We present a validation strategy based on ''performance gains'' on the ID training data and the retrieved data.
Specifically, for each checkpoint, say at epoch-\(i\), we calculate its training accuracy (\(\text{acc}^i_{ID}\)) and the accuracy on the retrieved data (\(\text{acc}^i_{RT}\)).
We place all the checkpoints on a 2D plane with \(x\) and \(y\) specifying the two accuracies.
Then, for the \(t^{th}\) checkpoint,
we compute its ''performance gains'' on the ID training data as \(\Delta_{ID}^t= \text{acc}^t_{ID} - \min_i(\text{acc}^i_{ID})\),
and on the retrieved data as \(\Delta_{RT}^t=\text{acc}^t_{RT}-\min_i(\text{acc}^i_{RT})\).
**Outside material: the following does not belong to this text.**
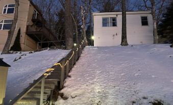 House was as described and had everything needed for a weekend visit. Practically on the water, central to many things, and not far from the interstate. Would consider staying longer next summer. The long stairway from the road to the house needs maintenance (uneven planks, screws exposed). Parking for a large SUV and a pick 'em up was tight but doable. Dock on the lake was nice, but we didn't have time to enjoy it. Didn't do any cooking there or use the backyard, firepit, or grill. Upstairs loft/bedroom well-suited to young, nimble people.

We measure the generalization ability of this checkpoint using their harmonic mean (in spirit of F1 score),
dubbed gF1:
\begin{equation}
\text{gF1}^t = 2 \times \frac{\Delta_{ID}^t \times \Delta_{RT}^t}{\Delta_{ID}^t + \Delta_{RT}^t}.
\end{equation}
gF1 enables checkpoint selection
Our validation strategy selects the checkpoint at epoch-3 after fully finetuning the VLM.
We verify this selection by comparing these checkpoints w.r.t accuracies on the OOD and ID test data.
Results show that the selected checkpoint does generalize robustly well to the test data.
gF1 enables layer selection
We extend our validation strategy to decide how many top layers to partially finetune (PFT) in a Transformer.
In practice, it selects the top-4 layers.
The resulting checkpoint accuracies for different \(k\) on the ID and OOD test sets demonstrat that
our validation strategy effectively determines the top-\(k\) layers to PFT for better robustness and generalization.